以上、何卒ご査収のほど、宜しくお願い致します。 敬具』



 これがティナが教えてくれた、竜に渡した手紙の内容だった。


 もう一言で『殺す』とか書いた方が分かりやすいんじゃないか。殺意と悪意がありありで、聞かされた方も嫌な気分だ。


 最初と最後の定型文の無駄は横に置いても、他は既に確定事項。通知のみだ。

 その後の文章は、『殺す、殺す、殺す』。


 ドラゴンを煽ってるんだと思うが、やりすぎだよね。

 もはや、カレンちゃんが犠牲になった方が被害が少ないって、どういうことだ。本末転倒も甚だしい。

 ローリィとかガインじいさんとか宿屋のおかみさんとか、関係ないのに皆殺しって。

 本気ですか、ティナさん。



「いい挑発でしょ」


「本当に街を滅ぼすのか?」


「そんなことしないわよ。するなら、もうしてるし」


 ティナは笑いながら言う。

 良かった。今後も、そんな物騒な選択肢を持つなよ。


「あのドラゴンはどう思おうかは勝手だが、可能性があるだけに逃げないだろう。今の時点では勝てると踏んでいるだろうしな」


「最後の一文が味噌よ。カレンは因縁付けのためで私たちの目的が別にあると考えるはず」


「さて、今から結界を外す。これからはヤツの監視下だからな。」



 箱が消える。あえて監視の目は潰さないという事だな。


 先程のドラゴンはおらず、石造りの通路に立っていた。

 ここがダンジョンの入り口なんだろう。



 臭くない。嬉しい。


 突然頭の中で声が響く。


『命短し魔族たちよ。そのまま立ち去るが良い。ぬしらが欲す物は身に余ろう』


 太い声だ。俺の幻聴でなければあのドラゴンのものだろう。

 というか、ダン達は魔族と誤解してるな。しかし、あっちからしたら悪魔みたいなものだから、いいのか。


 いや。俺が悪魔の言葉を理解したことが巫女達から既に伝わっているのか。



「ガハハハ、身に余るかは手にしてから考えよう。それまでにお前はどうすべきか熟考することだ」


 ダンが快活に答えた。

 うん、幸い、さっきのは幻聴ではなかったらしい。


『背後の階段を昇り街に戻るが良い。先に進むのであればいずれ塵となろう』


「何故、魔族と分かったの?」


 ティナが尋ねる。おい、さらっととんでもない事を告白してないか!?


 魔族なのか!?魔族と神様じゃ大きく違うぞ。俺の身が心配だ。序でにカレンちゃんも。

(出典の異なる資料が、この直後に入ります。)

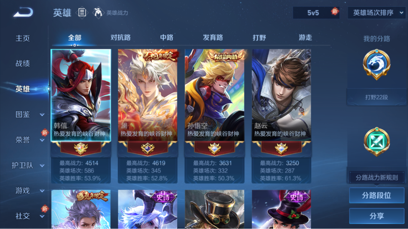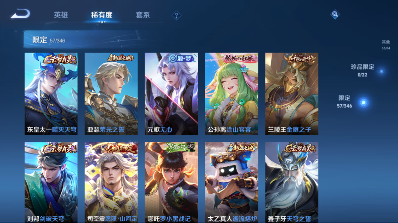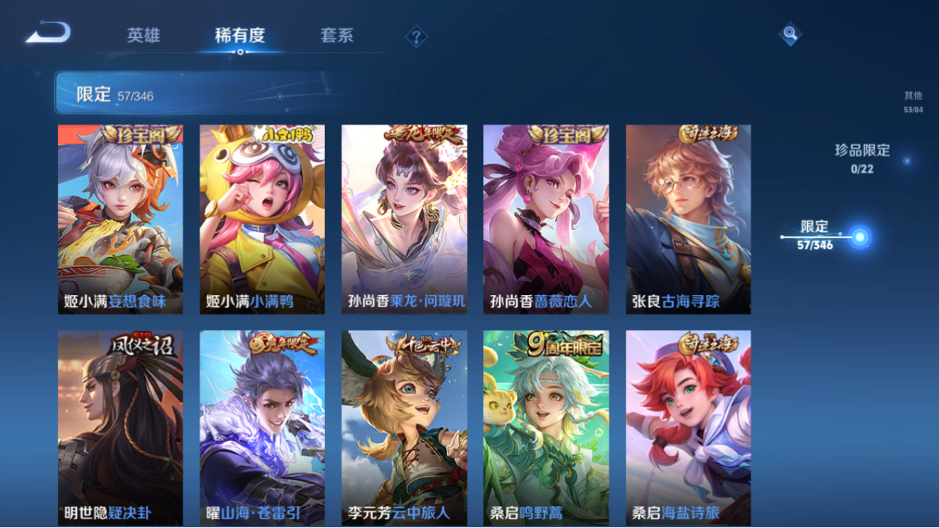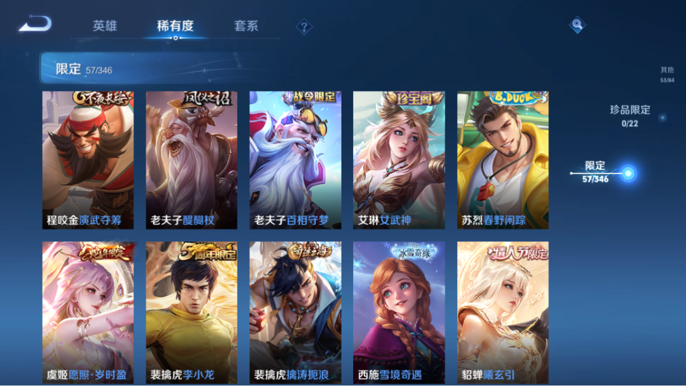 贵族等级:v7皮肤数:219传说品质7 生肖限定7 荣耀典藏1 情人节限定1 英雄数:126

『我の眼前に現れる転移の高度な技術。それでありながら戦闘を避ける狡猾さ。見え透いておるわ』


「私が慈悲深い可能性も、まだ残っているわ」


『そこの人間をたぶらかし、我に守護すべき人間を殺させようとは笑止。神の加護を賜りし、この神聖竜スードワットを舐めるな』


 シンセイ、神聖?聖竜より、文字通り神々しいんですけど。

 さっき見て確信した通りの聖なる竜かよ。

 神の加護とかも言っちゃってたよね。

 完全にこっちが闇陣営じゃん。



「ナベ、惑わされるな。俺たちを信じろ」


 ダンが振り向きながら言うが、お前、その金色ドクロの兜とその禍禍しい黒剣なんだよ。キラムの祠で見たガイコツの物真似か?

 完全にダークサイド堕ちの騎士みたいになってるぞ。

 それにその剣な、巫女長に渡した、聖竜滅殺の剣ではありませんか。巫女達を欺いて偽物を返したのか、転送で奪い取ったのか。何しろ、宜しい物では御座いませんぞ。


「進むわよ、ナベ」


 ……ティナ、お前もか。

 振り向くとフード付きの黒いコートを羽振り、小さいドクロが連なったネックレスをしたティナがいた。どういうつもりだ。

 更に、何故か眼鏡がサングラスになっていやがる。ダンジョンの中じゃ、全く無意味だろ。おしゃれのつもりか。


 アンドーさんはジャージのままだな。

 でも、こいつ、性格が悪魔だからな。

 ニヤリと笑う仕種なんか、サタンそのものと思って間違いない。若しくは暗黒神だ。



 やられた。

 完全に嵌められている。こいつら、俺を騙してたな。


 聖竜さんが助けてくれるのだろうか。それを祈ろう。